I had played Gordon Simpson once, many years before, in the amateur championship, when he was a student at St. Andrews' University, and the circumstances had been amusing. He was the champion of the University, and when we set forth from the first tee we were accompanied by a gallery which appeared to me as if it must include all the youth of that venerable seat of learning. They behaved wonderfully well, with a great deal of sportsmanlike consideration for my feelings, but at the same time were naturally so dead keen on their own man that they would have been something more than human, or older than undergraduates, had they been able to refrain from a little baring back of the teeth, and just the murmur of a growl, when I happened to hole a good putt. Unfortunately things went rather badly for their hero at the start. I contrived to get a lead of some four holes on him, and hung on to them till the match was finished. Of course I did my best to win, but I never in my life won a match which gave me less satisfaction. It was so hard on the University champion, surrounded by all his best friends. However, he had his revenge, as said, at Muirfield.

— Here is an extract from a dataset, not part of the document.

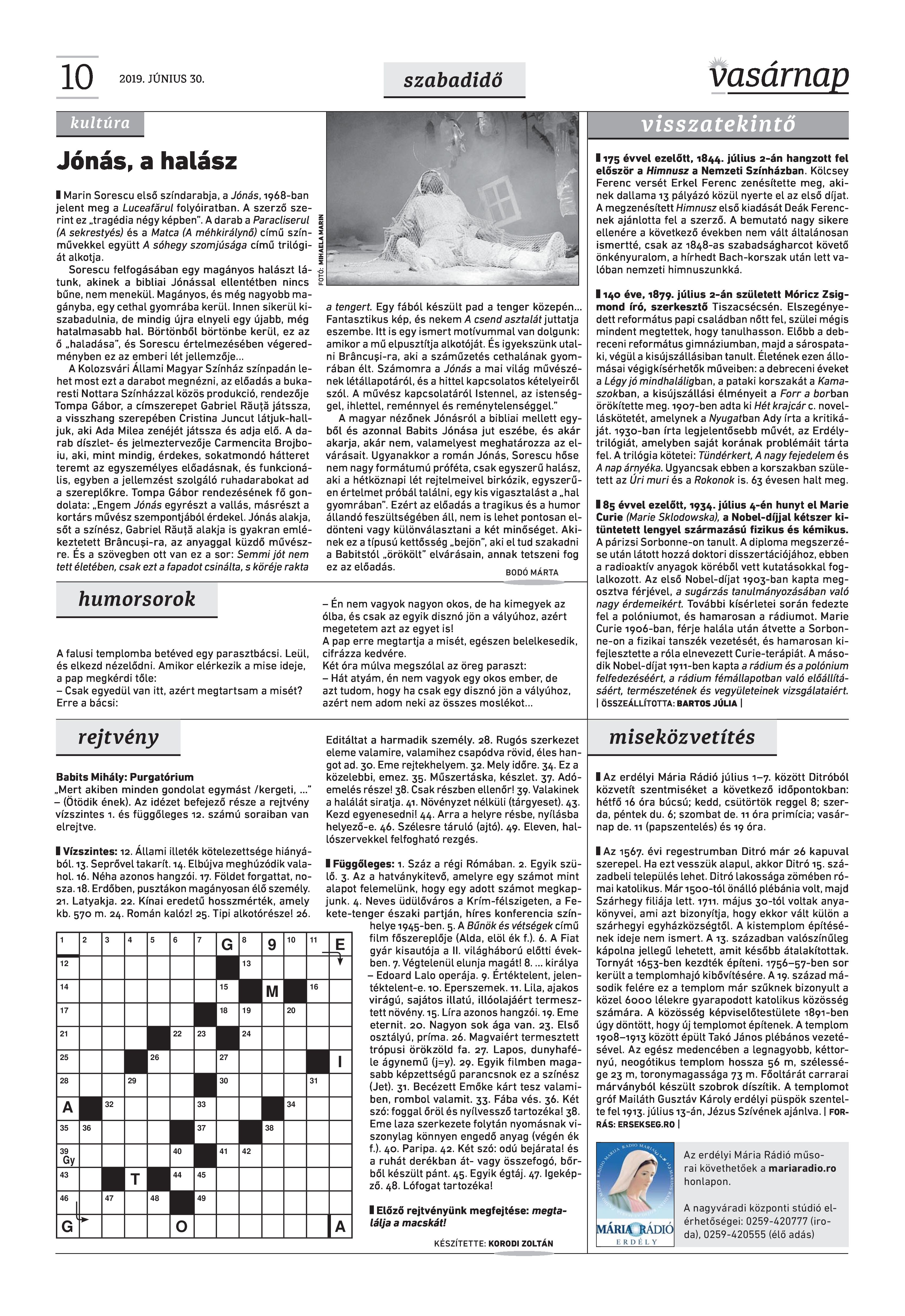 VASÁRNAP - 2019. JÚNIUS 30. A Vasárnap Katolikus Hetilap 2019. június 30. / XXIX évf. / 26. számának digitális változata. 1 / 12 2 & 3 / 12 4 & 5 / 12 6 & 7 / 12 8 & 9 / 12 10 & 11 / 12 12 / 12
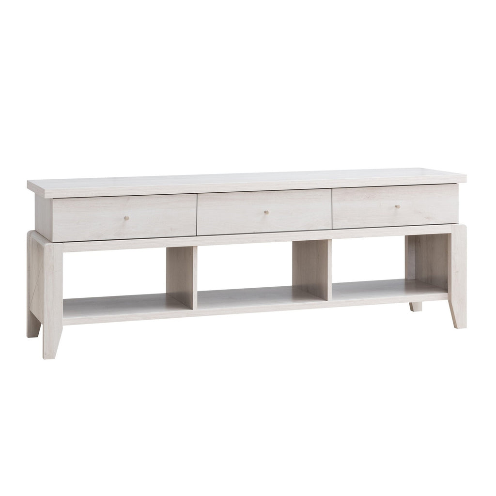 The entertainment console features three spacious gliding drawers, which are perfect for storing media devices and accessories.

But as for this stimy loft, into the hole and out again, it is quite sure that there was something not just right about the tins in use in the Muirfield holes at that time, for it happened to Bernard Darwin to play precisely the same stroke with precisely the same result in the championship. The fact is that if the flooring of the tin is set at a certain angle this chucking out again of a ball lofted in becomes a dynamical certainty. The makers of the tins ought to see to it that the floor is not set at this angle. If it is set nearly horizontal the thing does not happen, and it is when set too vertically that it is almost bound to occur. But, except for this case of my own ball and that of Bernard Darwin's, I have never heard of another instance of the kind, though probably golfing history can furnish many.